The following is a question of Metric Spaces by O'Searcoid (pg 19)
Suppose $X$ is a set and $d:X×X→\mathbb{R}$. Show that $d$ is a metric on $X$ if, and only if, for all $a,b,z ∈ X$, the two conditions $d(a,b) = 0 ⇔ a = b$ and $d(a, b) ≤ d(z, a) + d(z, b)$ are both satisfied.
The the first direction seems easy to demonstrate.
If $d$ is a metric, the first condition holds by definition, and by applying symmetric, the second condition follows from the triangle inequality.
The converse statement, however, is presenting some difficulties.
From what I can see, I must now demonstrate the the two conditions imply that $d$ is positive for all $ a \ne b$ and that $d$ is symmetric.
Suppose $d$ is not symmetric.
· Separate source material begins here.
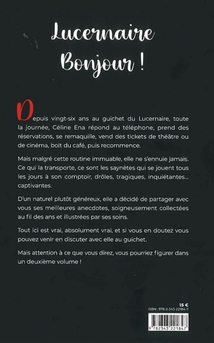 Depuis vingt-six ans au guichet du Lucernaire, toute la journée, Céline Ena répond au téléphone, prend des réservations, se remaquille, vend des tickets de théâtre ou de cinéma, boit du café, puis recommence. Mais malgré cette routine immuable, elle ne s'ennuie jamais. Ce qui la transporte, ce sont les saynètes qui se jouent tous les jours à son comptoir, drôles, tragiques, inquiétantes... captivantes. D'un naturel plutôt généreux, elle a décidé de partager avec vous ses meilleures anecdotes, soigneusement collectées au fil des ans et illustrées par ses soins. Tout ici est vrai, absolument vrai, et si vous en doutez vous pouvez venir en discuter avec elle au guichet. Mais attention à ce que vous direz, vous pourriez figurer dans un deuxième volume !

Then this contradicts the first statements, since $d(a,b) \ne d(b,a)$ and if $a=b$, than $d(a,b) = 0$ but $d(b,a) \ne 0$. This also implies the triangle inequality by applying symmetry on the second condition in the question.
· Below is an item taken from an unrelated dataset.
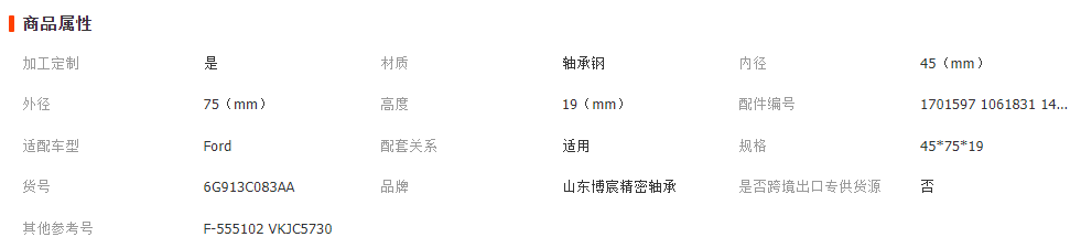 本网页所展示的有关【适用于福特汽车传动轴1701597 Ford前桥驱动轴轴承 6G913C083AA_轴承_山东博宸精密轴承有限公司】的信息/图片/参数等由全球零部件网的会员【山东博宸精密轴承有限公司】提供,由全球零部件网会员【山东博宸精密轴承有限公司】自行对信息/图片/参数等的真实性、准确性和合法性负责,本平台(本网站)仅提供展示服务,请谨慎交易,因交易而产生的法律关系及法律纠纷由您自行协商解决,本平台(本网站)对此不承担任何责任。您在本网页可以浏览【适用于福特汽车传动轴1701597 Ford前桥驱动轴轴承 6G913C083AA_轴承_山东博宸精密轴承有限公司】有关的信息/图片/价格等及提供【适用于福特汽车传动轴1701597 Ford前桥驱动轴轴承 6G913C083AA_轴承_山东博宸精密轴承有限公司】的商家公司简介、联系方式等信息。

What I cannot figure out is how to demonstrate $d(a,b) \ge 0$. If we allow $d$ to be negative, I do not see how this may lead to a contradiction of these statements.
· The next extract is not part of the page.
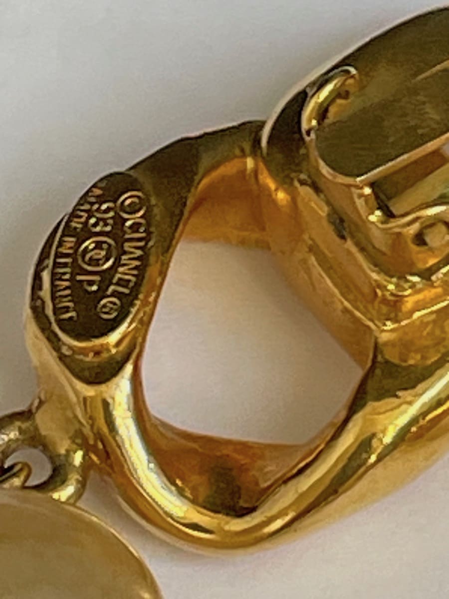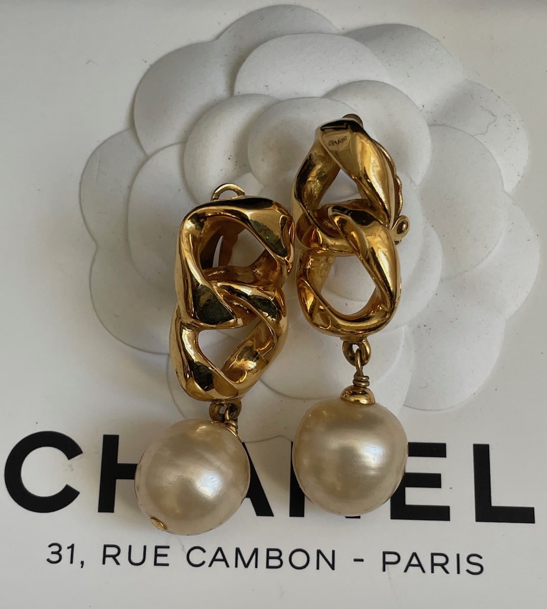 CHANEL 1993 Vintage Pearl Drop Earrings Gold Chain Links W/Box

One thing I thought of was, suppose $d(a,b) = 0$. Then this implies that $0 ≤ d(z, a) + d(z, b)$ and so these distance functions with $z$ must be positive. We could form any "intermediary" distance function we please regardless of the left-hand-side distance function. Thus in order to solve the triangle inequalities for all $a$ given $d(a,a)$ we require each $d$ to be positive.
Is my reasoning valid?